Imports data from partitioned Parquet database:
[source,sql]
----
COPY FROM '/tmp/partitioned_table_dir'
INTO city (id, name, population)
FORMAT PARQUET
WITH 'pattern' = '.*'
----
Where the Parquet table looks like this:
----
partitioned_table_dir/
├─ CountryCode=USA/
│ ├─ 000000_0.parquet
├─ CountryCode=FR/
│ ├─ 000000_0.parquet
----
== KILL QUERY
Cancels a running query. When a query is canceled with the `KILL` command, all parts of the query running on all other nodes are canceled too.
[.diagram-container]
Diagram(
Terminal('KILL'),
Terminal('QUERY'),
NonTerminal('query_id'),
Optional(Terminal('NO WAIT'))
)
=== Parameters
* `query_id` - query identifier that can be retrieved via the `SQL_QUERIES` link:administrators-guide/metrics/system-views[system view].
* `NO WAIT` - if specified, the command will return control immediately, without waiting for the query to be cancelled.

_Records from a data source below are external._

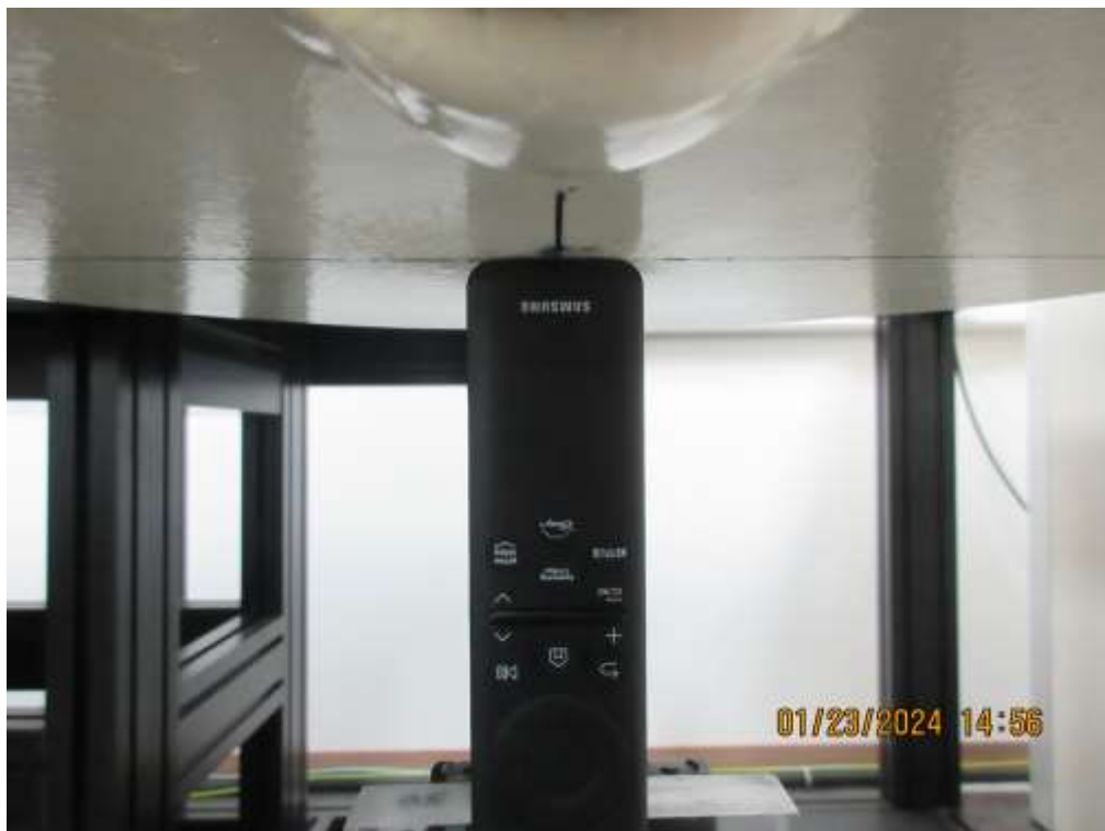
Bottom from SAM(Flat) Phantom (Separation Distance: 0 cm)
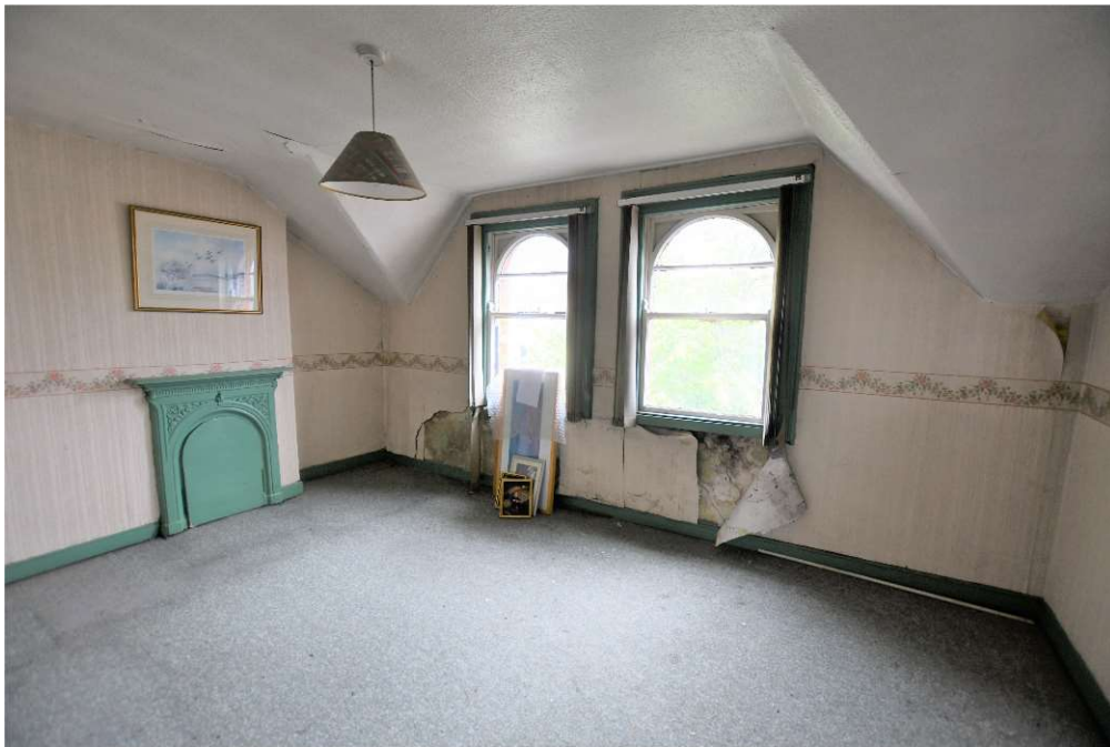
ATTIC ROOM 2:
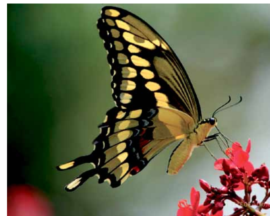
Schaus Butterflies have few habitats. They can be found at the Crocodile Lakes location.

Email crocodilelake@fws.gov for more information.
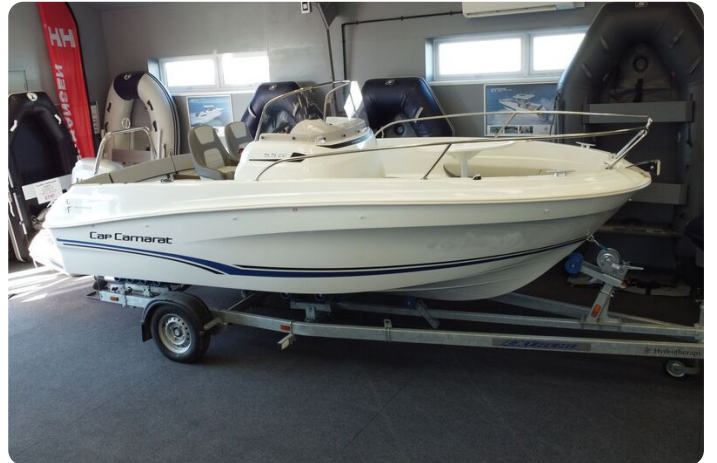
Jeanneau Cap Camarat 5.5 CC - starboard side
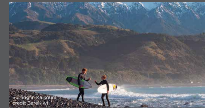
Stirring in Kaikōura
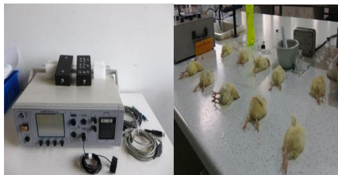
Fig. 1 Graphic picture of chicks after delivery of electroshock seizure.

placed on the upper eyelids of the chicks. A shock duration, frequency, and pulse width were set and kept at 0.8 s, 100 pulses/sec and 0.8 m/s respectively. A current of 75 mA which produced tonic seizures in 95 % of the control chicks was used throughout the study. Groups of chicks (n=10) were administered with normal saline (10 mL/kg), isolated compound (30, 100, and 300 mg/kg) and phenytoin (20 mg/kg) thirty minutes prior to the administration of shock. An incident of tonic extension of the hind limbs was regarded as full convulsion and the recovery time was recorded in unprotected animals, while lack of tonic extension of the hind limbs was regarded as protection.
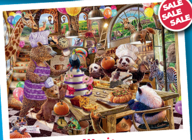
SC59663 - Chef Mania 1000pc £11
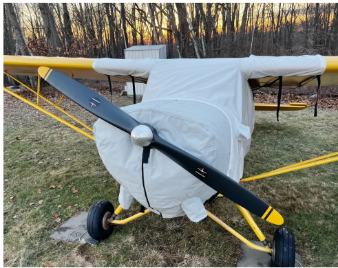
Aeronca Chief 11AC, Super Chief 11CC Insulated Engine Cover

This cover type is made from Silver Acrylic Sunbrella canvas and is 100% lined with a soft and smooth microfiber. Bruce's Custom Covers developed this material combination especially for aircraft protection. The outer material is medium weight and treated for water resistance, UV resistance and anti-static buildup. The inner lining is a very soft and smooth microfiber to prevent scratching. The material is very reflective, and tests show that the cabin interior temperature can be reduced to near-ambient temperature on the hottest of days. It is water, ice and snow repellent, yet breathable to allow moisture to escape from between the cover and the aircraft surface.
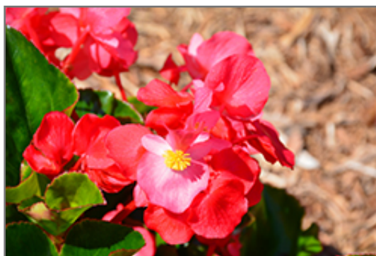
Whopper Rose Green Leaf Begonia flowers
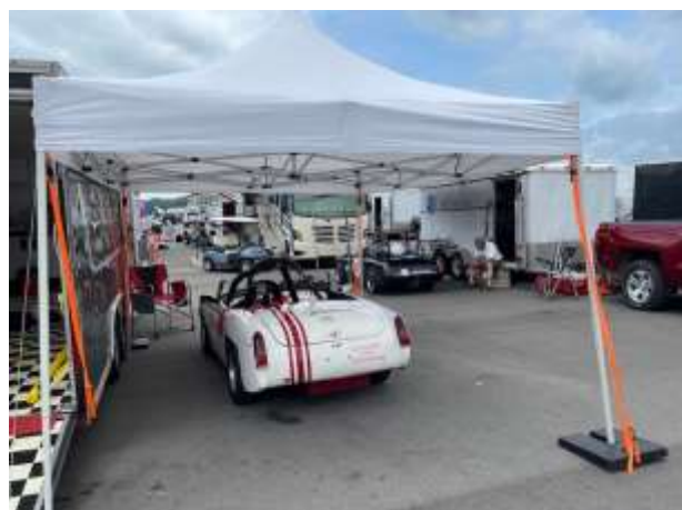
2021-11 Dick Rzepkowski's race car, outside NY State
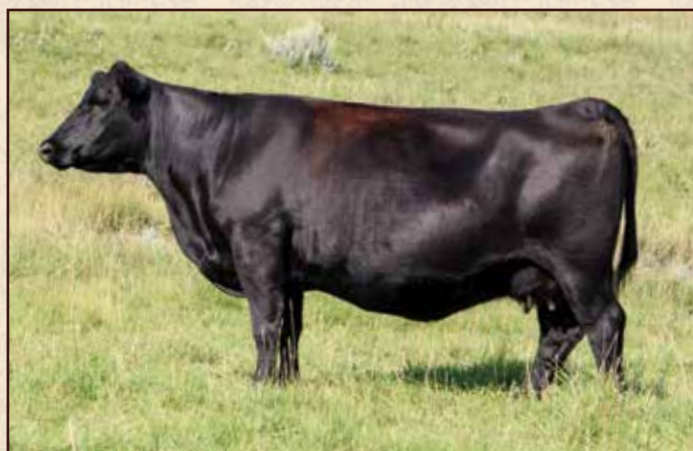
LOT 20 S R DOROTHY IDEAL 011
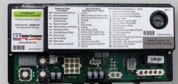
Intelligent Hydronic Control

There's a few reasons why over TWO MILLION Burnham Series 2 boilers have been installed in American homes. Performance, reliability, safety, and overall efficiency have a lot to do with it. The Series 2 is designed to work with an existing chimney, and is available in many sizes to fit the needs of virtually any application. With the Intelligent Hydronic Control, a new full feature control system, and improved operating efficiencies, U.S. Boiler Company is providing even more good reasons why the Series 2 will remain at the top of the list for years to come.
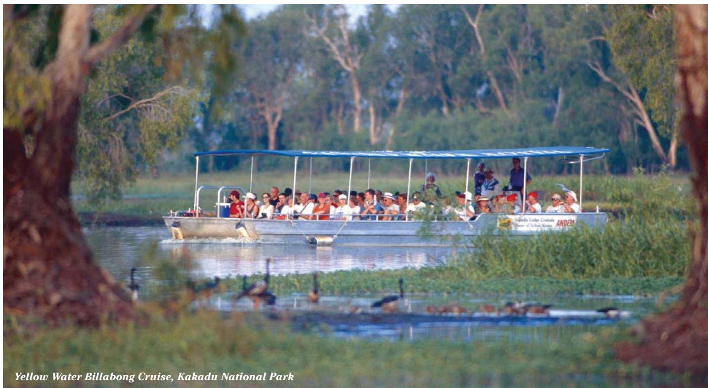
Yellow Water Billabong Cruise, Kakadu National Park
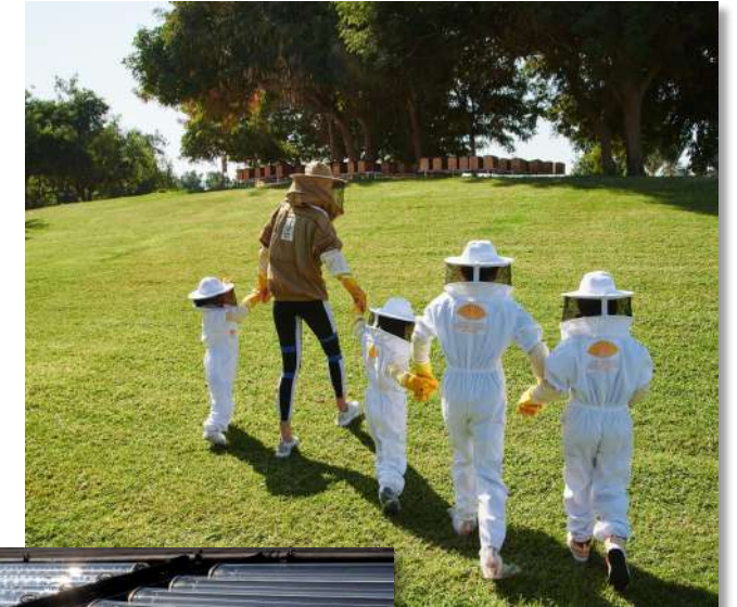
Emirates Palace Mandarin Oriental, Abu Dhabi partnered with a local beekeeper
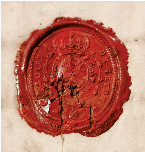
Left: Wax seal of the Consulate of Sidon (Lebanon). Lettere consolari fonds, Cathedral Archives, Mdina.
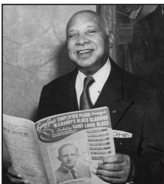
William Christopher Handy

William Christopher (“W.C.”) Handy was born in 1873 in Florence, Alabama. He described his birthplace in his autobiography as, “where the Tennessee River, like a silver snake, winds her way through the red clay hills of Alabama, sits high on these hills my hometown, Florence. Here I came into the world...” Handy held his hometown in high regard, even conveying ownership of his home, a log cabin, and personal items to be displayed in the home, to the City of Florence.
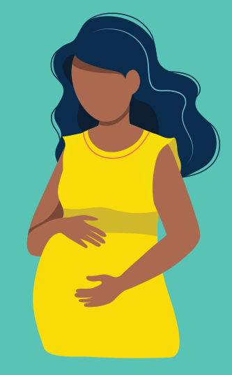
During pregnancy, women may be more prone to gum disease and cavities.
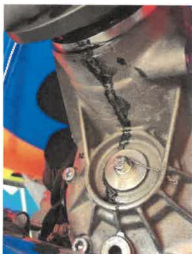
Fig. 1 External oil leak

It should be noted that a small amount of backlash (rotational movement) is normal for all gearboxes and should not be confused with the lateral movement described above.
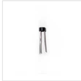
Amp Bridge Rectifier
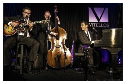
10th Annual Celebrating Chocolate entertainment by Nat King Cole Tribute Page 4
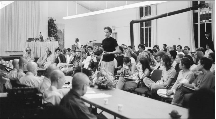
Visiting students direct questions to a panel of monks and nuns during a weekend retreat.
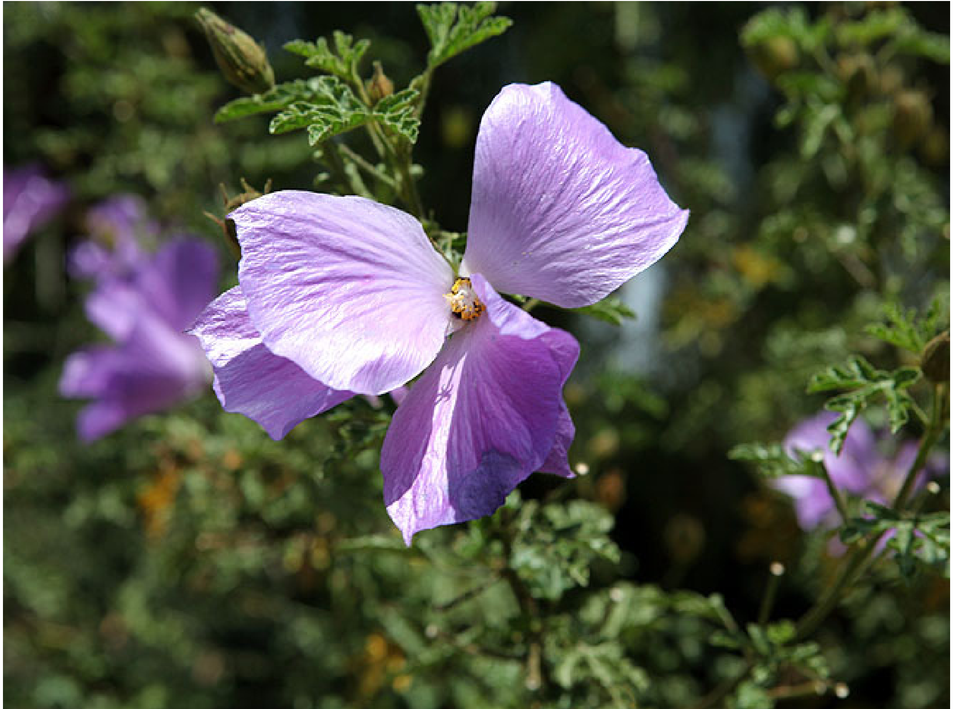
The Modoc County Courthouse in Alturas.
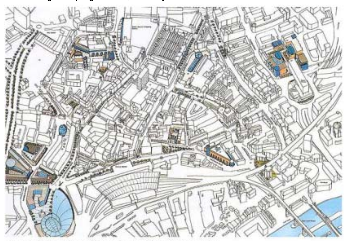
Area di Grainger Town, Newcastle upon Tyne. Assonometria.

The Conservative government in the 1980s led to a review of the inner-city policy, and concluded that a much greater emphasis needed to be placed on the potential contribution of the private sector, rather than on the Urban Programme. Changes in the regeneration policies resulted from two strands of Conservative ideology: the strengthening of central government and the economic liberalism. New implementation agencies were designated from the central government, which gave priority to the interest of private developers and property-led developments. During the 1990s strategic approach is proposed again from the central government, in the form of integrated programmes, centrally controlled initiatives.
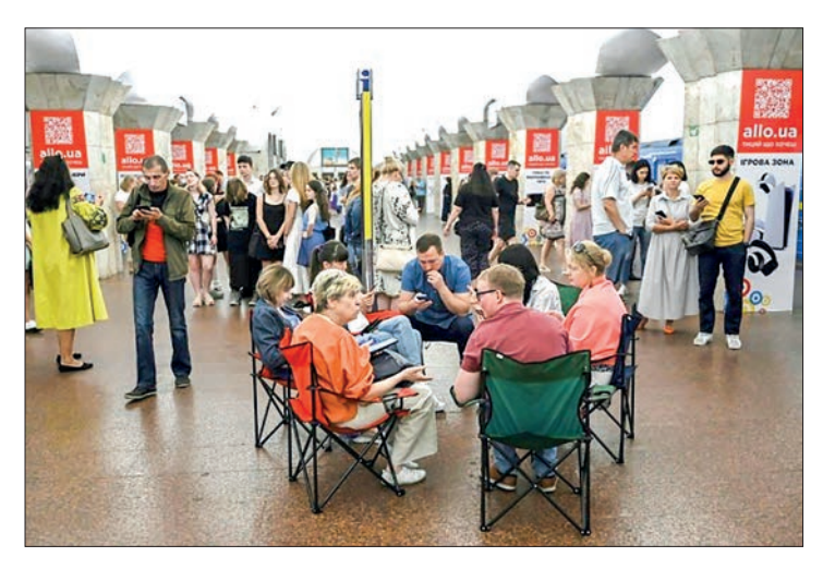
Air raid alerts sounded as African leaders were due to visit.

The African delegation arrived by train from Poland on Friday morning and began their visit in Bucha. — AFP
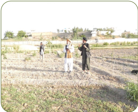
A view of Alfalfa being cultivated in a demo plot in Tori village of Tirinkot district
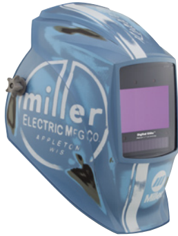
Vintage Roadster™ 289764
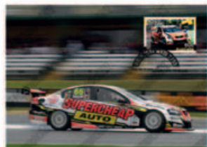
1753220 Maxicard set of four
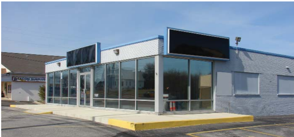
6,000 SF RETAIL BUILDING OFFICE/SHOWROOM
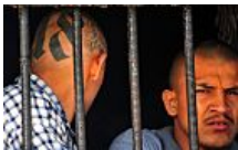
'You can recognise the gangs from their murders' 14 Nov 2014
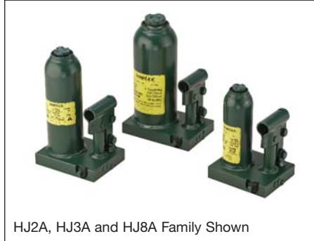
HJ2A, HJ3A and HJ8A Family Shown
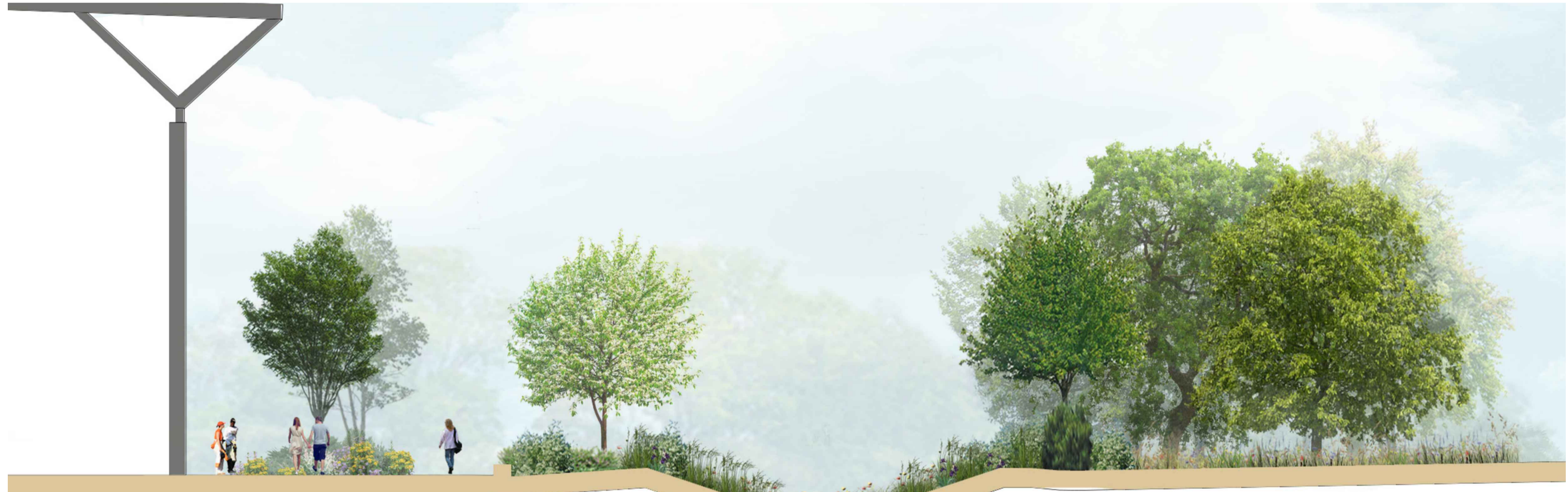
8005 Section J-J 1 Scale: 1:100

South Gate arrival space Proposed shrub planting Buffer to Stratfield Brake Proposed attenuation basin Existing vegetation retained Stratfield Brake
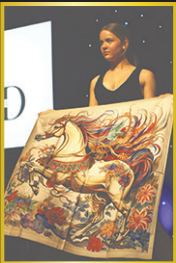
Designer BIRD THE LABEL
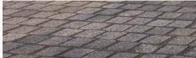
GRANITE STONE PAVED ROADS
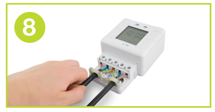
Test that the wires are fixed in properly by pulling on the cable. If a wire comes loose, repeat from step 6.
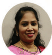
ZONE 3 SIS MANO 9010 2457 ANG MO KIO HOUGANG BISHAN
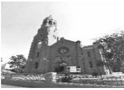
St Marys Church Bairnsdale

BAIRNSDALE – OMEO East Region – Diocese of Sale Who we are tomorrow begins with what we do today.
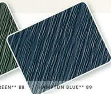
HAMPTON BLUE ** 89

Δ Premium color made with Armor Coat UVA™
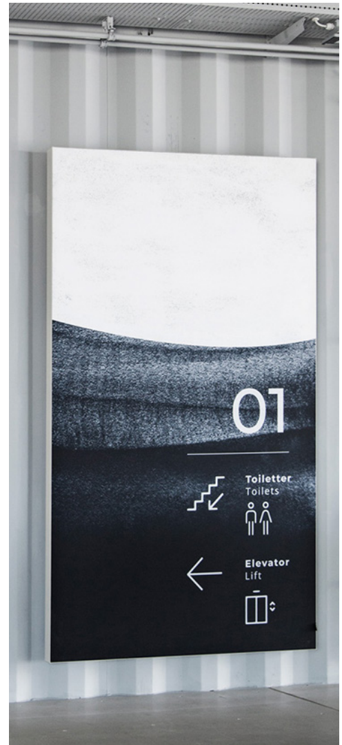
On The Wall (Wayfinding)

Standard On The Wall frames can be specified as portrait or landscape. Custom sizing is available with a minimum of 8" x 8" and a maximum single panel of 236" x 118" (length x height). The maximum length is unlimited with site-assembled panels.
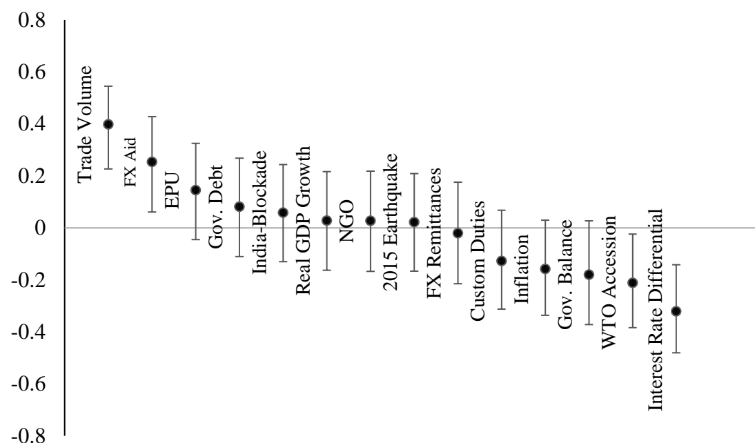
Figure 2: Bivariate Correlations with TMI

Note: Dots represent bivariate Pearson correlation coefficients between our capital flight trade misinvoicing (TMI) measure and the respective variables. Bars indicate 90% confidence intervals calculated using Fisher's z transform. See Appendix A for variable definitions and sources.

You can monitor query status through the `SQL_QUERIES` link:administrators-guide/metrics/system-views[system view] to make sure it was cancelled.
== KILL TRANSACTION
Cancels an active transaction.
[.diagram-container]
Diagram(
Terminal('KILL'),
Terminal('TRANSACTION'),
NonTerminal('transaction_id'),
Optional(Terminal('NO WAIT'))
)
=== Parameters
* `transaction_id` - transaction identifier that can be retrieved via the `TRANSACTIONS` link:administrators-guide/metrics/system-views[system view].
* `NO WAIT` - if specified, the command will return control immediately, without waiting for the transaction to be cancelled. You can monitor transaction status through the `TRANSACTIONS` link:administrators-guide/metrics/system-views[system view] to make sure it was cancelled.
== KILL COMPUTE
Cancels a running compute job. When a job is canceled with the `KILL` command, all parts of the job running on all other nodes are canceled too.
[.diagram-container]
Diagram(
Terminal('KILL'),
Terminal('COMPUTE'),
NonTerminal('job_id'),
Optional(Terminal('NO WAIT'))
)
=== Parameters
* `job_id` - job identifier that can be retrieved via the `COMPUTE_JOBS` link:administrators-guide/metrics/system-views[system view].
* `NO WAIT` - if specified, the command will return control immediately, without waiting for the job to be cancelled. You can monitor job status through the `COMPUTE_JOBS` link:administrators-guide/metrics/system-views[system view] to make sure it was cancelled.